As it happens, the definition of statistical relevance is from philosophy (bear with me). The property *C* is statistically relevant to *B* within *A* if and only if *P(B, A&C)* does not equal *P(B, A-C)*. The definition is then used in combination with a partitioning of *A* via a property *C* to create a model that states that if *P(B, A&C) > P(B, A)* then *C* explains *B*. It’s a model trying to define what constitutes a “good” explanation.

We can say that “copper (*C*) is statistically relevant to things that melt at 1083 degrees Celsius (*B*) within the class of metals (*A*)”. Considering the definition, we have that *P(B, A&C) = 1* (it melts at 1083 and is copper) and, given that no other metal melts at 1083 degrees, *P(B, A-C) = 0* (it melts at 1083 and is a metal that is not copper), which implies statistical relevance.

Note that property *C* in the above example partitions the reference set *A* with *(A&C)* and *(A-C)*, and *P(B, A&C) = 1 > P(B, A)* (since copper is the only metal that melts at 1083, and there are currently 86 known metals, the probability that it melts at 1083 and is metal is 1/86). Therefore, using this model of a good explanation, we can say that it melts at 1083 degrees because it is copper (or, following the language in the model, that it is copper explains why it melts at 1083).

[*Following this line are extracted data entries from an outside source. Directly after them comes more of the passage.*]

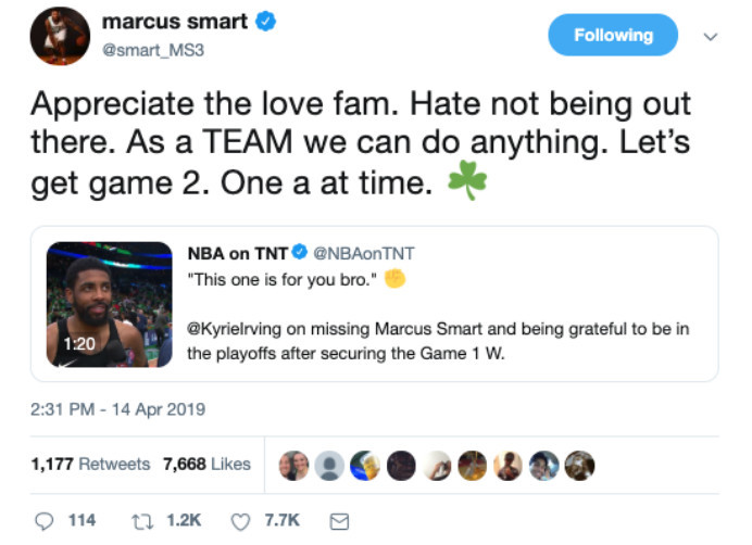 因为伤病的问题,后卫斯马特今天没有出战。比赛结束之后,欧文表示自己非常想念斯马特。而斯马特转发了欧文的采访视频,然后写道,“感谢这个爱的大家庭,不能够出现在那里真的很讨厌,作为一个团队,我们可以做到任何事情,让我们拿下第二场比赛吧。”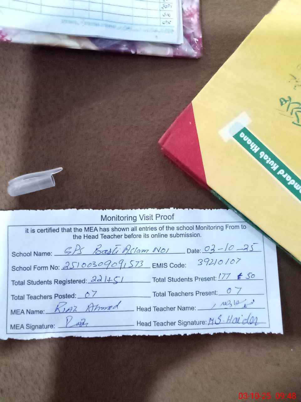 | EMIS Code: 39210107 | Name of School: GPS BASTI ASLAM NOI PAKPATTAN | |||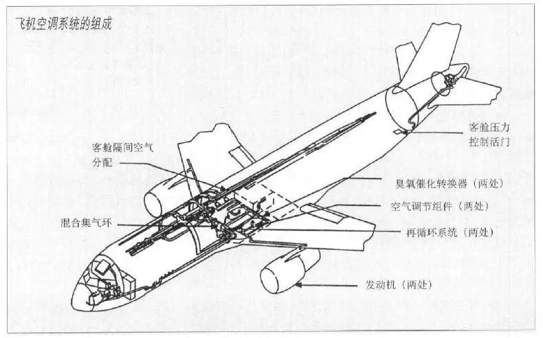 現(xiàn)代飛機(jī)的客艙空氣調(diào)節(jié)系統(tǒng)包括引氣系統(tǒng)、臭氧轉(zhuǎn)換器、空氣調(diào)節(jié)組件、混合集氣環(huán)、再循環(huán)系統(tǒng)、客艙通風(fēng)系統(tǒng)以及客艙壓力控制系統(tǒng)。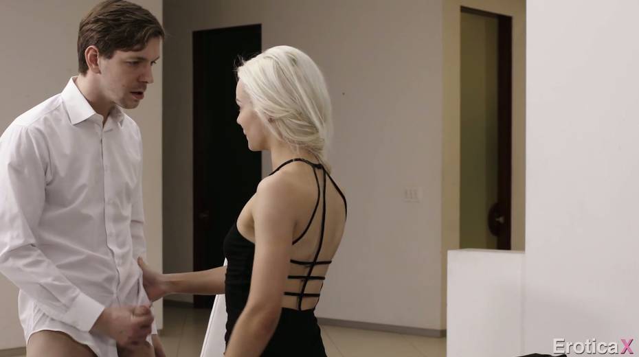 Petite blondie Elsa Jean swallows a dick and gets her muff nailed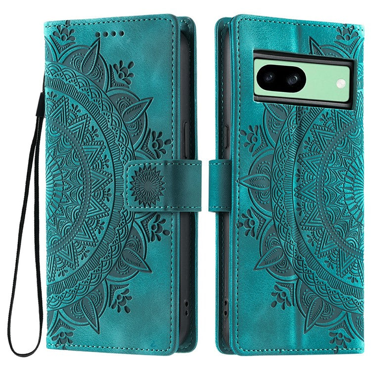 Style 018 For Google Pixel 8a Case Imprinted Totem Skin Feel Wallet Leather Phone Cover - Mint Green

**Correlation is not causation**

What I’ve found is that people familiar with this definition from philosophy use “*A* is statistically relevant to *B*” to mean two things: (i) *A* is related to *B* (correlated), (ii) *B* is explained by *A* (causal). The definition supports (i), but I believe they’re using it incorrectly in (ii) with the model of a good explanation in mind (which, by the way, is by a researcher named Salmon).

I’m no philosophy major, but I think it’s safe to say that the terms statistically relevant should not be confused with statistically significant. Extremely low probability events can be statistically relevant, and since it’s not saying anything more than “there’s a slight correlation”, it’s not really saying all that much in the context of statistics. Terms such as practical significance, or practical relevance, seem appropriate in the contexts described above, but avoid using statistically relevant unless you, and your readers, know the definition.